Тайна босховского "Сада" — во внушении, будто он есть и досту­пен слову или, скорее, в обещании одной тайны (значений, скрытых от ума) на месте другой (удовольствий, открытых глазу). Он, как ни пара­доксально, порождает свою проти­воположность — комментарий, ко­торый преобразует любую форму в граф и стремится заполнить зна­чениями все красочное пространст­во, чтобы превратить его в писаную страницу, в анализирующую речь. Но глоссы эти — в стиле известных шреберовских "Мемуаров невропа­та: запущенный вызовом Босха бред истолкования не переносит никакого nichtsdenken ("мысли ни о чем" или "мысли о ничто"). Причем все это делает зритель, попавшийся на уловку изображения. Про Босха говорили, будто он бредит". Да нет же: он, наоборот, заставляет бредить. Он "включает" в каждом из нас машинерию смыслопроизводства. Но, устраняясь от шагов и трудов, спровоцированных ложным обещанием смысла, скрытого за его об­разами, Босх остается посторонним любому месту, любому времени и все больше расходится с тем, что породил. Ускользая от историй, которые о нем Рассказывают, он существует как рай мифов, рай наслаждений. Бессмыслен­ное начало снова и снова вызывает спор о смысле.

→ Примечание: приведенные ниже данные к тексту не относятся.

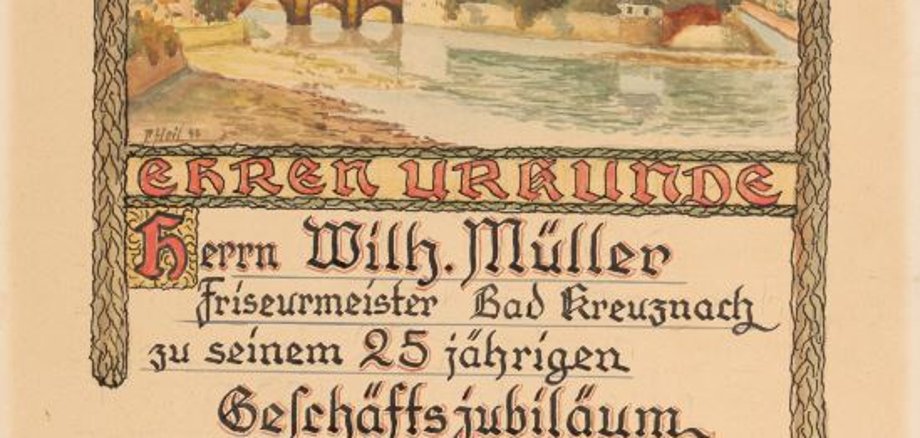 Im Namen der Friseurinnung des Kreises Kreuznach verlieh der Obermeister der Innung, Philipp Leonhard, dem Friseurmeister Wilhelm Jacob Müller (1892-1961) am 6. September 1944 eine Ehrenurkunde zu dessen 25-jährigem Geschäftsjubiläum.
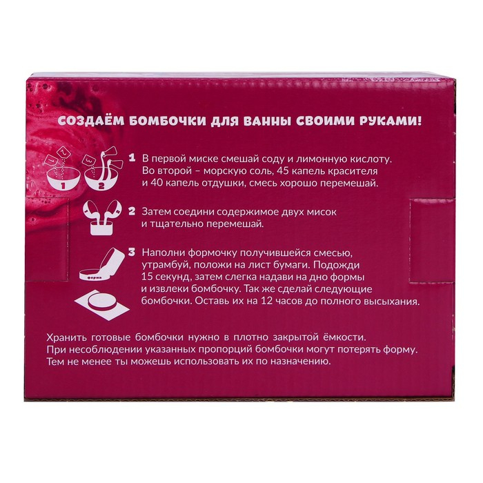 Набор для творчества создан специально для того, чтобы вы могли самостоятельно, следуя инструкции, создать бурлящие шарики для ванной! Необходимые атрибуты идут в наборе, а простая и понятная инструкция присутствует на обороте упаковки - все, что осталось сделать, дак это начать маленький творческий эксперимент.

Но даже выйдя за пределы осмысленности, мне не обойти закон, это начало утверждающий, и ни на йоту не приблизиться к месту, им созданному. Напротив, своим утверждением я высказал только то, что, в свою очередь, подтал­кивает меня писать по поводу, опять вы­ставляя за пределы алтарных створок, и ничего иного, кроме связи, которую вновь и вновь устанавливает письмо с соблаз­нившим его живописным пространством, иными словами, с тем, что порождает его, от него убегая, — с удовольствием, из­бавляющим от смысла. На этой связи и играет босховский "Сад наслаждений". В эпоху "тонких, изощрен­ных рассказов, игр, шуток и фацеций", эпоху наводящих на мысль "о принципи­альной неоднозначности мира" жонглерств и сатирических сборников, кото­рые описал Поль Зюмтор5, во времена, когда утонченная эстетика удесятеряет сомнения, подрывающие догматическую и символическую панораму повествова­тельного мира, сюжетом босховского алтаря может быть райская жизнь (Р. Виленский, 1958), мир до потопа (Э. Гомбрих, 1967), праздник чувств (Г. Рот, 1955), ars amandi Братьев свободного духа (В. Френгер, 1947) или "апофеоз греха" (М. Фридлендер, 1941), Comoedia Satantca (Ф. Хюбнер, 1965) или даже са­тира "северного Савонаролы" на мирс­кую тщету (А. Даниэль, 1947) и т. д. и т. д. Гипотез — рой. Но поскольку все они ищут единственный идеологический денотат, то и обречены оставаться вто­ричными. Вернее, пожалуй, принять, что эта "уникальная в истории искусства и религии" и, в любом случае, не имею­щая себе равных среди сделанного тог­да фламандцами вещь выводит на сцену само кви про кво между садом радос­тей, нигдейей удовольствий и дискурсивностью истории. Иными словами, неза­висимость живописи от любой прозы мира.

 

Взгляд картины

Когда я говорю: в картине нечего читать, — это значит, что не надо ничего искать за ней и что вся она, включая расстоя­ние между ней и читателем, — у нас на виду и самым исчерпывающим образом размечена. Не говоря о повсеместных у Босха прямых насмешках над строчащи­ми и разглагольствующими (утконосыми проповедниками, краснобаями-фокусни­ками, письмоводителями и сводниками в рыбьем обличье), на угрозу похищения живописи речью указывает множество сценических ремарок — что-то вроде "не трогать, произведение искусства". Ука­жу на три их типа: одни относятся к ар­хитектонике картины, другие представ­ляют собой эмблемы, третьи входят в словарь изобразительных мотивов. Архитектура всех трех панно такова, что в фокусе каждого — что-то вроде глаза, зрачка, повторяющего земной шар гризайли на внешней стороне складня и аналогичного сфере, в которую вписаны "Семь смертных грехов" (1475 — 1480). Взгляд этого зрачка изнутри картины об­ращен на зрителя. С левой стороны, из круглого отверстия в сердцевине, опять-таки круглого и алого, как заря, фонта­на — из этого абсолютного центра, к которому сходится все изображение, — отступив в темноту, на зрителя воззри­лась безухая сова. Я — уже не наблю­датель, а предмет наблюдения. Ось и сре­доточие центрального панно — распо­ложенный на расстоянии двух третей от его низа (золотое сечение) Источник жизни, зрачок, схваченный деревянным обручем и повторенный в проекции эл­липсом на нижнем плане (водоемом с об­наженными юными купальщицами), го­лубой с прожилками шар, глаз и драго­ценность разом: у его основания, на един­ственной горизонтальной линии, пересекающей панно, круглится выемка, в полутьме которой виден мужчина, поло­живший руку на живот женщине и смотрящий на зрителя.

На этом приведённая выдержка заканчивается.